9. Watch component according to any one of the preceding claims, characterized in that the phosphorescent compounds comprise a phosphorescent pigment which is a rare-earth-doped alkaline-earth aluminate derivative.

10. Watch component according to the preceding claim, characterized in that the phosphorescent pigment is an alkaline earth aluminate derivative doped with Europium, Dysprosium of formula Sr(x)Al(y)O(z): Eu 2+ ,Dy 3+ .

11. Watch component according to the preceding claim, characterized in that the phosphorescent pigment is SRAI14O25: Eu 2+ ,Dy 3+ and / or SrAI2O4: Eu 2+ ,Dy 3 .

12. Watch component according to any one of claims 9 to 11, characterized in that the phosphorescent pigment has a maximum diameter less than or equal to 20 pm measured by laser particle size analysis according to ISO 13320:2020.

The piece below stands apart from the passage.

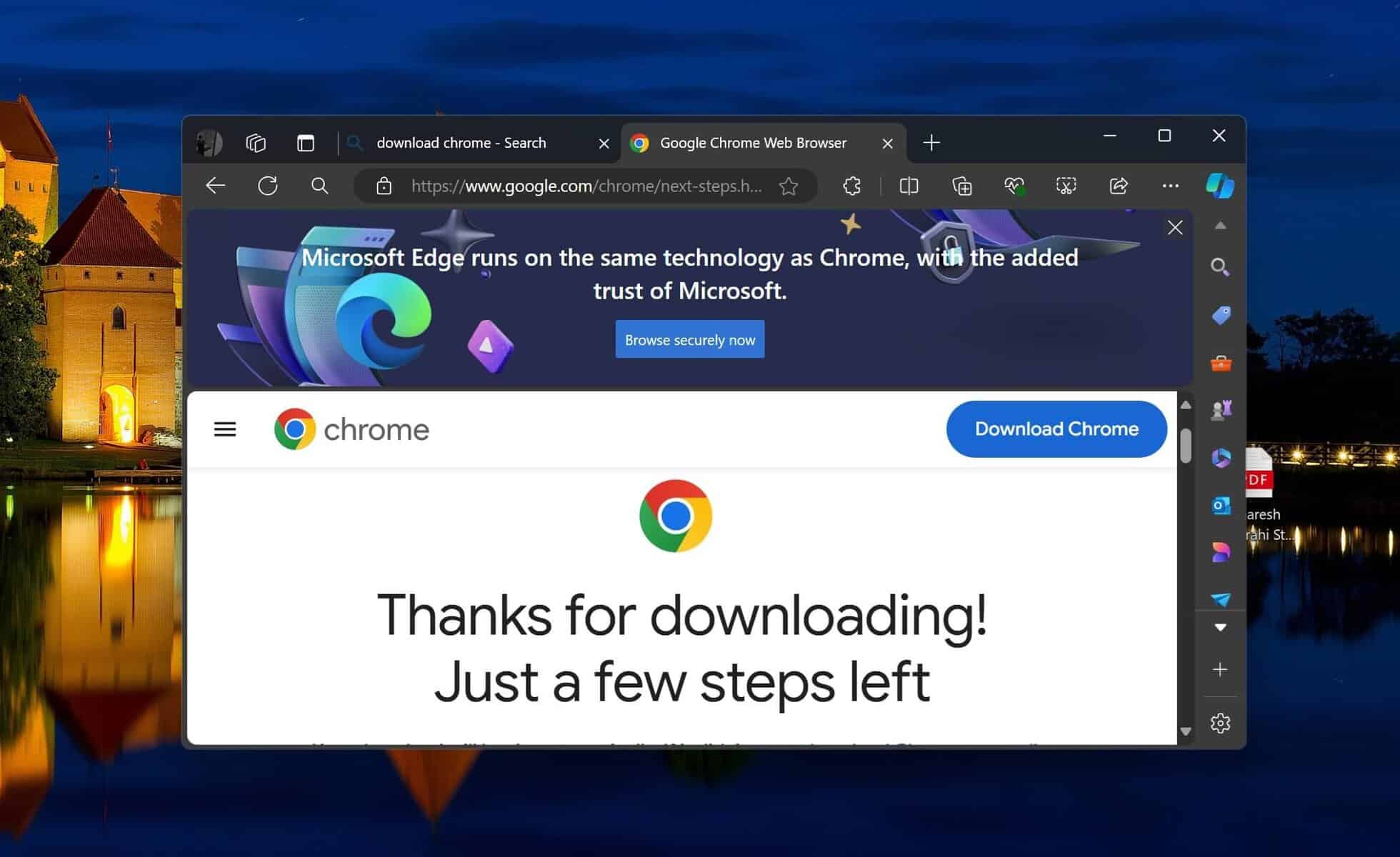 Existem várias outras referências à campanha “Use o Edge, não o Chrome”.

13. Watch component according to any one of the preceding claims, characterized in that the optical brightener is a stilbene derivative containing a sulfonate group.

14. Watch component according to any one of the preceding claims, characterized in that it is a case, a case back, a bezel, a bracelet link, a bracelet (1), a pin buckle, a clasp, a dial, a hand, a dial marker or an oscillating weight.

15. Watch component according to one of the preceding claims, characterized in that it is a bracelet (1) or a case.